[latex3-commits] [git/LaTeX3-latex3-latex3] gh433-regex-case: Correct computation of brace balance in regex_case functions (see #433) (911fedf33)
Bruno Le Floch
blflatex at gmail.com
Sun May 16 22:01:02 CEST 2021
Repository : https://github.com/latex3/latex3
On branch : gh433-regex-case
Link : https://github.com/latex3/latex3/commit/911fedf33f94a59b210b81ac392f27460b633b9d
>---------------------------------------------------------------
commit 911fedf33f94a59b210b81ac392f27460b633b9d
Author: Bruno Le Floch <blflatex at gmail.com>
Date: Sun May 16 22:01:02 2021 +0200
Correct computation of brace balance in regex_case functions (see #433)

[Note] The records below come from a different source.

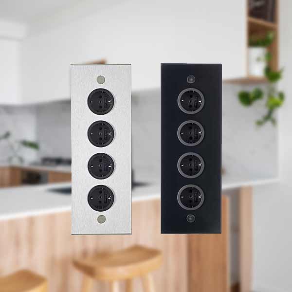 Die Thebo Tesi 4-fach Steckdose ist in Schwarz und Edelstahl erhältlich, sodass sie perfekt zu Ihrem persönlichen Stil und Ihrer Inneneinrichtung passt. Ob in der Küche, im Büro oder im Wohnzimmer - diese 4-fach Eck-Steckdose sorgt für einen sauberen und aufgeräumten Look.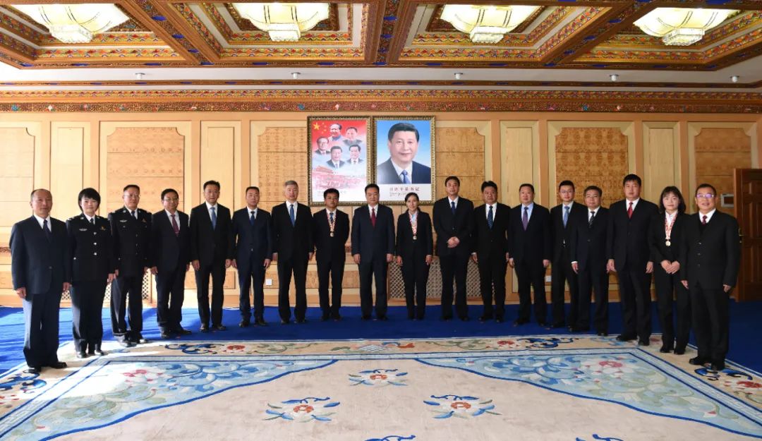 这是王君正与平安中国建设西藏自治区先进集体、先进个人和示范市、县代表合影。记者 旦增西旦 摄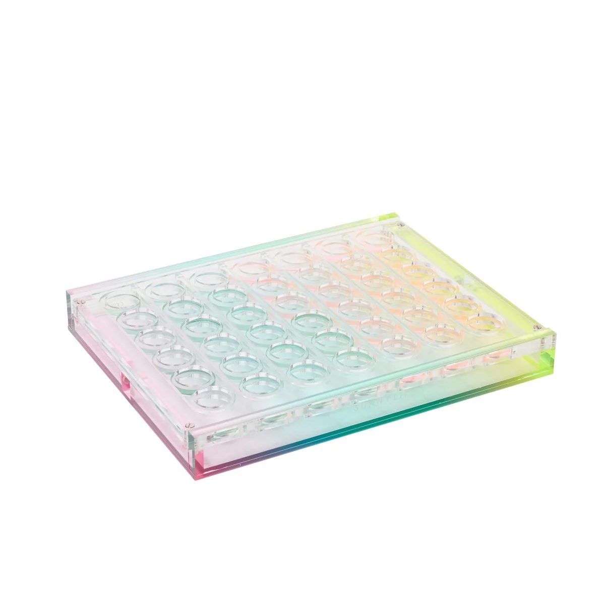 Give yourself a competitive edge with this luxurious rendition of a popular classic. Our stunningly transparent Lucite game sets are a must-have for any lover of retro style and kaleidoscopic colour, designed to be just as beautiful out on display as during a game. With two-toned playing chips and a rainbow, ombre base, the Aurora 4 in a row set will bring a sophisticated pop of colour to any home.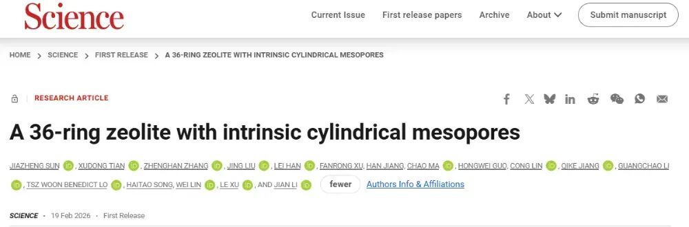 报道了一种全新高硅沸石NJU120-6。该材料首次实现由36元环构筑的本征圆柱形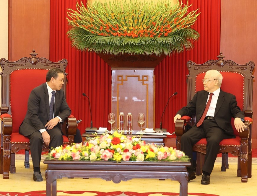 越共中央总书记阮富仲(右)会见老挝驻越南大使森菲特·宏本让。 |
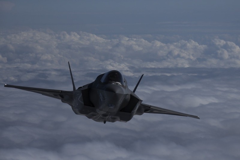 Ba chiếc tiêm kích phản lực tàng hình thế hệ 5 F-35B Lightning II, máy bay chiến đấu mới nhất và linh hoạt nhất thuộc quân đoàn Lính thủy Đánh bộ, bay từ cơ sở thường trú tại Căn cứ Không quân Hải quân Iwakuni, Nhật Bản, đến điểm tiếp cận với máy bay tiếp dầu trên không siêu nặng KC-130J thuộc phi đội tiếp dầu trên không (Marine Aerial Refueler) không đoàn vận tải số 152 (VMGR-152).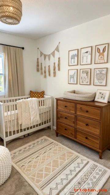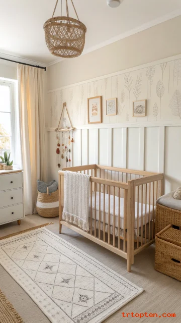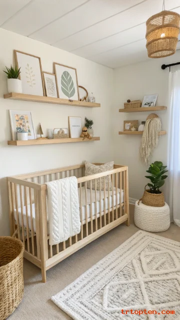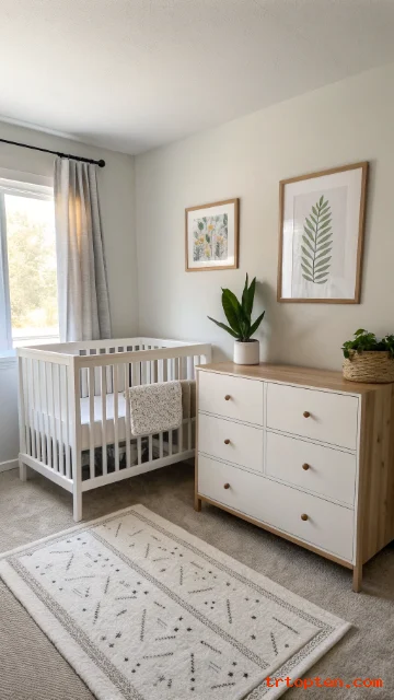 Neutral nursery colors include warm white, cream, beige, taupe, greige, and soft clay. You can also use tiny accents in muted sage or dusty tan without changing the calm look.

>---------------------------------------------------------------
911fedf33f94a59b210b81ac392f27460b633b9d
l3kernel/l3regex.dtx | 45 ++++++++++++++++++++++-----------------
l3kernel/testfiles/m3regex012.lvt | 16 ++++++++++++++
l3kernel/testfiles/m3regex012.tlg | 38 +++++++++++++++++++++++++++++++++
3 files changed, 80 insertions(+), 19 deletions(-)
diff --git a/l3kernel/l3regex.dtx b/l3kernel/l3regex.dtx
index 345310e4f..e7aa9614d 100644
--- a/l3kernel/l3regex.dtx
+++ b/l3kernel/l3regex.dtx
@@ -874,7 +874,7 @@
% \texttt{curr_state} and \texttt{curr_submatches}.
% \item If possible, when a state is reused by the same thread, kill
% other subthreads.
-% \item Use an array rather than \cs[no-index]{l__regex_balance_tl}
+% \item Use an array rather than \cs[no-index]{g__regex_balance_tl}
% to build the function \cs[no-index]{__regex_replacement_balance_one_match:n}.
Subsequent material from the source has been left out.